Par conséquence et suite au billet somptueux de Melle Bille ,

je, Kiki, saine de corps et d’esprit (je note les noms des ricaneurs) exécute sans filet et sans le moindre trucage, un retour sur elle-même proche de la figure du triple axel aérostatique immortalisée par Tania Popotaskava aux championnats du Monde de sauts à glace sans les mains en 1978.

Mais qu’est-ce que diable je voulais-je donc faire quand j’éto petiote, hein ?

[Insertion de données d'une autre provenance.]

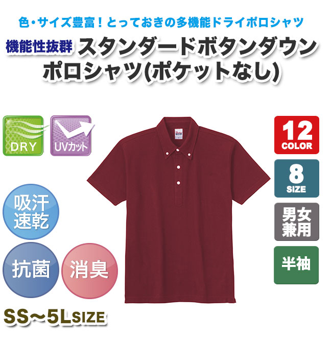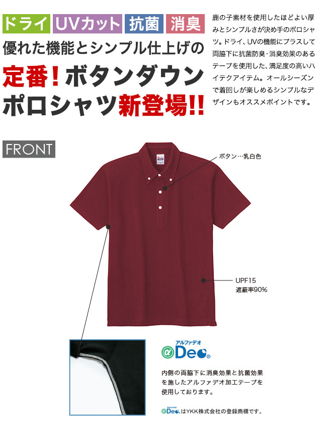 シンプル仕上げの定番ボタンダウンポロシャツ新登場!!ドライ・UVカット・抗菌・消臭。優れた機能性を兼ね備えています。
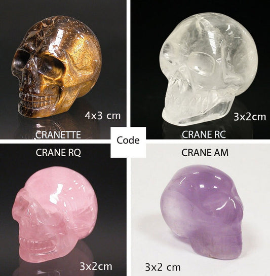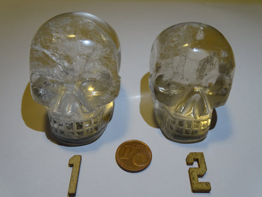Crânes en Cristal de roche (quartz), 2 pièces au choix de 57 à 50mm. Fait main, très belle qualité !
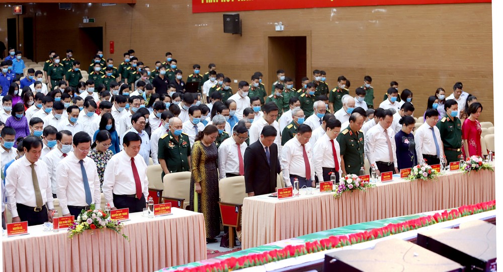 | Các đại biểu dành một phút tưởng niệm trước sự hy sinh cao cả của các bậc tiền nhân, các anh hùng liệt sỹ Xô viết Nghệ -Tĩnh. |
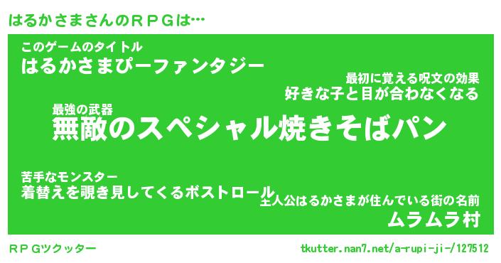 | ファンタジー風あだ名 | 『ハルフェル』『エターナルハルカサマー』 |

Aux tout débuts des commencements, après la folle semaine de Dieu et autres billevesées tectoniques, je voulais être vétérinaire. L’âge aidant à la construction de mon intellect, je remarquais, avec cette finesse qui me caractérise encore, que le métier de vétérinaire consiste principalement à s’occuper d’animaux malades. Or moi, je les aimais beaucoup plus lorsqu’ils étaient en bonne santé, les animaux, sans filets de bave verte, sans mâchoire pendante, le nombre de pattes adéquate et plutôt moins de sang à l’extérieur qu’à l’intérieur. Songeant que mettre mon bras dans le derrière d’une vache n’était, pour moi, pas une occupation saine, je décidai de me tourner vers une autre destinée.

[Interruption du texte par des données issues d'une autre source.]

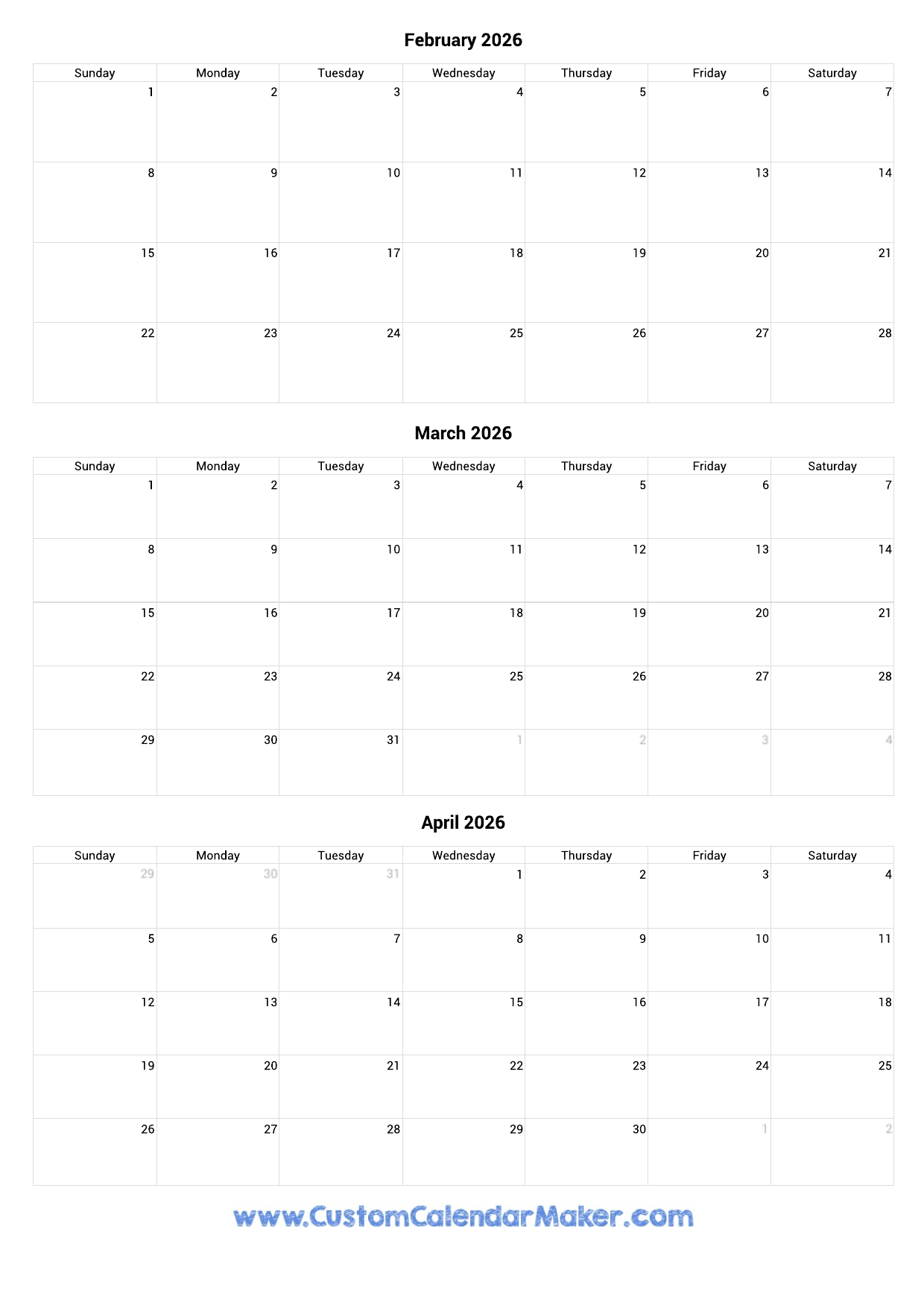 February To April 2026 Calendar Printable Custom Calendar Maker

Plus tard, j’ai voulu devenir Victor Hugo, mais, diable, quelqu’un, un sombre idiot, avait eu l’idée avant moi, et qui plus est, des patronymes par trop similaires excluaient toute démystification du subterfuge.

Malgré tout, et notant, non sans fierté, que j’étais capable d’écrire subterfuge toute seule et presque du premier coup, je continuai à caresser ce rêve. A ce propos, j’ai en préparation une liste de courses si parfaite qu’elle ne demande qu’à être diffusée largement, encadrée comme elle le mérite, et exposée bien en évidence en lieu et place du canevas de Tata Francine, celui avec le cocker aux yeux tristes (non, pas Jo Cocker, Tata Francine n’aime que la mazurka).

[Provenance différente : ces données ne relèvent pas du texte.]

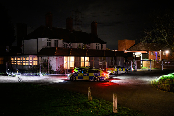 2025年11月11日,法院裁定移民可以入住埃平贝尔饭店后,警车停在饭店外的停车场。埃平森林区议会先前反对在贝尔酒店安置移民的法律诉讼败诉。今年夏天,一名居住在该酒店的寻求庇护者因性犯罪被捕,后来被判入狱,此后该酒店成为激烈抗议和反抗议活动的焦点。(Leon Neal/Getty Images)
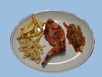 150, de harina de maiz, 50,gr de harina de trigo, tomillo, y perejil,
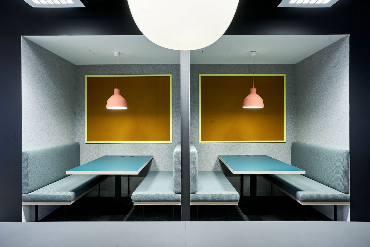 Lampenkappen & akoestische meubels en -panelenSpinlight, gespecialiseerd in lichtontwerp, heeft het akoestische probleem in de ruimte opgelost door lampenkappen dubbelzijdig te bekleden met Féline’s vilt. In dit project is gekozen voor een dubbellaminaat waarbij met dezelfde of verschillende kleuren vilt kan worden gewerkt. Zo ontstaat er op beide zichtzijdes van de kap een mooie en strakke viltafwerking.Om het akoestiek probleem op het kantoor van Enexus in Groningen op te lossen, heeft Keizer design speciale werkunits ontworpen en bekleed met ons vilt . Er is specifiek gekozen voor een dunne flexibelere vilt variant waarmee akoestische hoezen voor de werkstations zijn gemaakt. Hiermee kun je goed om panelen of meubels spannen.

Mais il fallait bien se nourir. Alors, je travaillai. Et je me fatiguai. Et je bâillai. Et je mangeai moins bien. C’est pourquoi RV m’appelle Cosette.

Pourtant, la lecture de cette sombre histoire ne doit pas vous désoler. Car il y a une morale : Tant va la cruche…non…charité bien ordonnée…non plus…Pierre qui mousse le vendredi…Travailler et se donner du courage…non…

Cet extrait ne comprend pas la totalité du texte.